You can search most of the journals for topics in which you’re interested, or you can browse issues and read only the articles that intrigue you. The PDF versions of these articles can be downloaded to laptops, smartphones, and so on, to be read during your commute. Of course, you can also print the articles, and the PDF version will preserve the original formatting so that they look good. (OS X’s Preview will even read it aloud to you while you do something else, in a robotic fashion. And by the way, if you’re using Firefox on a Mac and want to read these PDFs in your browser instead of saving each one to your computer, this Firefox addon is very helpful.)

These journals are also a good place to submit your own research or other writing for publication. Check each site’s “Submissions” page for information and rules. All journals are in English unless stated otherwise.

In addition, the Education Research Global Observatory hosts a “Directory of Open Access Journals in the Field of Education”, featuring a huge, international list of scholarly, peer-reviewed, free journals. There is a different, multidiscipline Directory of Open Access Journals with Education, Languages and Literatures, and Linguistics sections.

The Social Science Research Network is an interesting way to look at new and emerging research; it shares works in progress, but these papers have not been peer-reviewed, and may be revised or removed at any time. There is no education or applied linguistics section, so using the search function is the best way to find relevant work.
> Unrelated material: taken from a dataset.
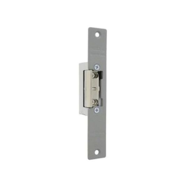 Liberación automática. Cajetín 67 mm. Automático deslizante. Reversible. 12 V. Frontal pintado gris. Largo. 250 mm. Sin desbloqueo.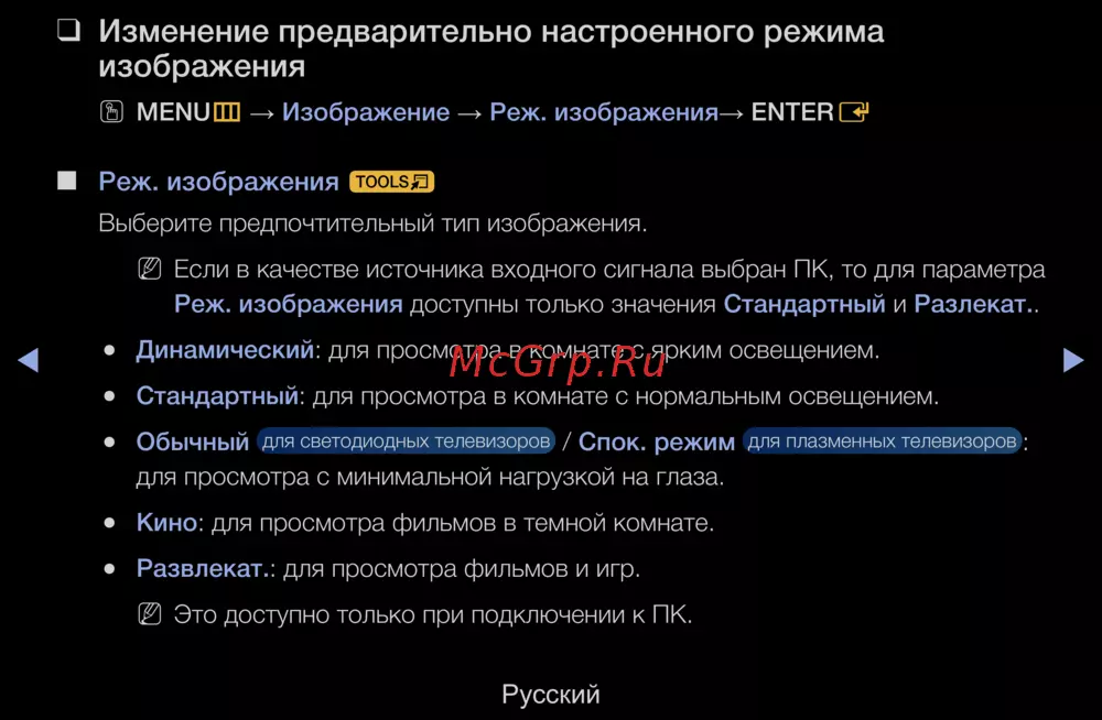 - Оптимальные условия использования телевизора достигаются путем обновления микропрограммы с веб узла samsung com поддержка загрузки через usb p.316

Virtually no journals provide an RSS feed (I only saw one at LJTR). That means that you need to remember a journal’s publishing schedule or remember to drop by periodically. However, if the journal has a single URL they use to publish new material (e.g. http://www.readingmatrix.com/current.html), you can add that URL to a service such as Page2RSS. That will make an RSS feed that you can add to Google Reader, which will update itself when the page is updated. (I just keep Google Reader open in a tab at all times, with all of my favorite English-teaching blogs, webcomics, etc., in there so that I don't miss anything or waste time loading pages that I've already read.)

This page does not include free online magazine-style publications. A separate page for those is in the works.

This page was current when last edited, but journals sometimes close, move their websites, or slightly change their URLs. If you notice a problem, or know of another free TESOL-related journal, please send me a note or message me on Twitter. Thanks to Darren Elliott of livesofteachers.com for suggesting several I had missed.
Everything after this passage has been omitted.